Выбрать главу

Поспокойней в редакции стало лишь с июня 1938 года, когда газету возглавил присланный из обкома Н. А. Орлов — человек неторопливый, обстоятельный. Он пробыл на посту редактора свыше двух лет. В самом начале войны его сменил первый секретарь Пудожского райкома партии Я. С. Крючков. В 1943 году ЦК компартии направил его обратно в Пудожский район, где в то время создалось исключительно трудное положение, в частности, со снабжением населения продовольствием. На Крючкова — хорошего организатора, отлично знавшего Пудожский район, возлагались большие надежды. Он их оправдал. Район вышел из бедственного положения.

Я. С. Крючкова сменил И. М. Моносов — профессиональный журналист, публицист, инициативный организатор. Он редактировал «Ленинскую правду» десять лет. Потом жребий пал на меня. Я в «Ленинской правде» проработал более полувека, тридцать два года был редактором. Начинал еще в то время, когда погоду в газете делало журналистское поколение двадцатых годов.

Некоторое время секретарем редакции работал Николай Яковлевич Голлюб. Живой, быстрый в движениях и работе, он пришел в редакцию из финансовых органов. В то время газеты много писали о финансах. Голлюб был одним из самых активных внештатных корреспондентов. Его взяли в штат. Писал он скучновато. Зато отлично владел устной речью. Знал множество случаев из жизни, потешных историй, бывальщин, просто анекдотов. Мастерски рассказывал их. Не раз его слушал бывавший тогда в Петрозаводске писатель Геннадий Фиш. Впоследствии он написал книгу интересных новелл «Ялгуба». Сюжеты некоторых новелл писатель почерпнул из рассказов Голлюба.

Впрочем, забавные сюжеты можно было черпать и из жизни редакции. Один из ответственных секретарей отличился тем, что впопыхах три раза сдал в набор одну и ту же небольшую заметку о ремонте столовой в Вяртсиля. И самое анекдотичное — она трижды была напечатана в газете. Дело кончилось тем, что автор заметки обратился к редактору с таким письмом: «Требую — перестаньте перепечатывать мои заметки. Надо мной смеется весь поселок. Еще раз напечатаете, передам дело в суд». Вот такой курьез. Были курьезы и почище. Наверное, ни одна редакция не избавлена от них. Однако чувствую: пора мне вернуться к непосредственному рассказу о своей редакторской работе.

Итак, я более пятидесяти лет отработал в одной газете, тридцать два года редактировал ее. Читатель может усмехнуться: «Нашел чем хвастаться. Просто ведь засиделся». Не хвалюсь, но и не стыжусь говорить об этом. Попробуйте побыть три с лишним десятилетия в шкуре редактора. Редакторский воз тяжелый. Тянуть его надо каждый день. По возможности — без грубых ошибок.

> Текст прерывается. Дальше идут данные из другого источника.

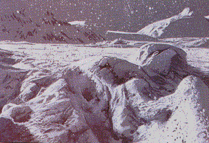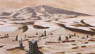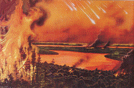 red sheet of glowing lava. Large animals are broiled. Only animals with
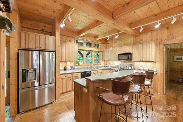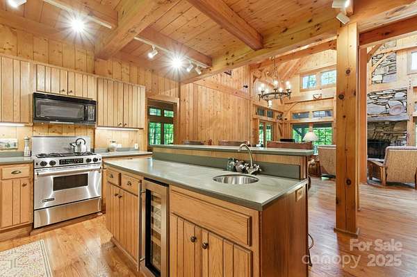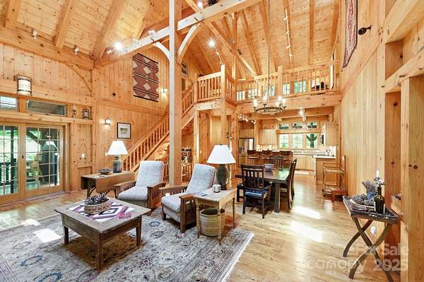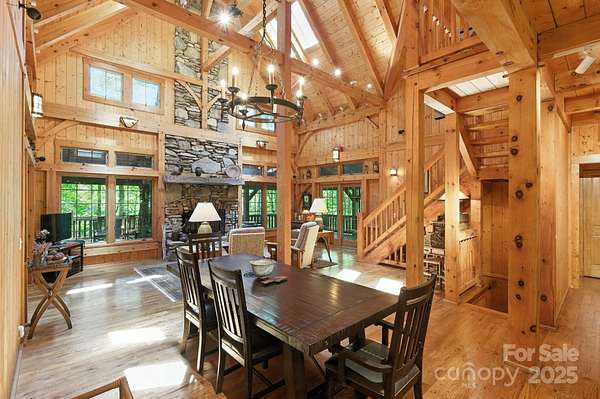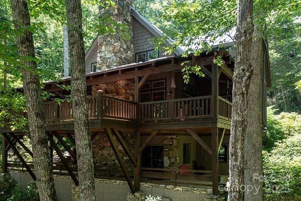 PRICED at APPRAISED VALUE! Back on market at no fault of property - buyer's circumstances changed right before closing. Inspections etc. are available for review! Stunning and private Timberpeg post & beam home on 3 acres along the gorgeous South Toe River, just over an hour from Asheville. This breathtaking property offers approx. 275ft of river frontage, your own waterfall, and a fantastic wrap-around deck overlooking the river. Perfect for entertaining, the home features spacious indoor-outdoor living, soaring ceilings in the living room, and a beautiful wood-burning stone fireplace. The main level has an open floor plan with a primary suite with direct deck access, a guest room with a nearby bath, and laundry. Upstairs includes a loft with built-ins and two ensuite bedrooms, while the spacious basement offers bonus rooms, a full bath, an additional living room, and a concrete patio also overlooking the river. Located in a small gated section of this community, it's ideal for a second home or quiet full-time living. Home may be purchased furnished, a true turn-key opportunity. Just 30 min. to Burnsville's groceries, shops, and dining.

Я дважды отчитывался от имени редакции на пленуме обкома партии, много раз — на бюро. Что ж, партийный комитет может контролировать работу своей газеты. Однако нередко контроль этот был навязчивым, излишним, сковывал инициативу газеты.

В узде держала нас цензура. При Брежневе она не просто усилилась, а стала тотальной. Были установлены правила, по которым любое ведомство могло запретить публикацию принципиального материала о нем. Если статья касалась, скажем, железнодорожного транспорта, она могла быть напечатана только с разрешения Министерства путей сообщения. Если речь шла о связи, надо было обращаться за разрешением к Министерству связи. Бюрократы имели возможность душить собственными руками любое живое слово. Вдобавок к этому на газеты постоянно обрушивалась лавина официальных материалов, обязательных для публикации отчетов — подробных, унылых, никому не нужных.

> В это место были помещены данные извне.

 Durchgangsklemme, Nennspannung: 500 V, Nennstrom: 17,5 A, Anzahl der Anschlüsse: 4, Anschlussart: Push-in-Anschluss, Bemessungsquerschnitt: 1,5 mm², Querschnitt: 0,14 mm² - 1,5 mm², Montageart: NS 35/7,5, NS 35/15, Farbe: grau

Многое зависело от того, каким в этих условиях был редактор. Вел газету или его вели? Боролся или только руководил? Смело действовал или боялся, как пуганая ворона каждого куста?

Говорю прямо: поддакивающей единицей я никогда не был, хотя случалось, и соглашался с тем, с чем сейчас не согласился бы ни в коем случае; на поводке меня не вели, хотя, признаюсь, временами самостоятельности не хватало; каждого куста я не боялся, хотя не могу похвастаться, что обладал смелостью, которая города берет. Когда казалось, что не выдержать официального напора лжи и ханжества, я старался не отступать. Да, не всё получалось так, как хотелось бы. Были отступления. Есть в чем раскаиваться. Но успокаивает лишь сознание того, что всё, на что ушли лучшие годы жизни, я делал с добрыми помыслами.

Редакторам моего поколения достался трудный век. При нынешней свободе слова нашим преемникам дышится свободнее.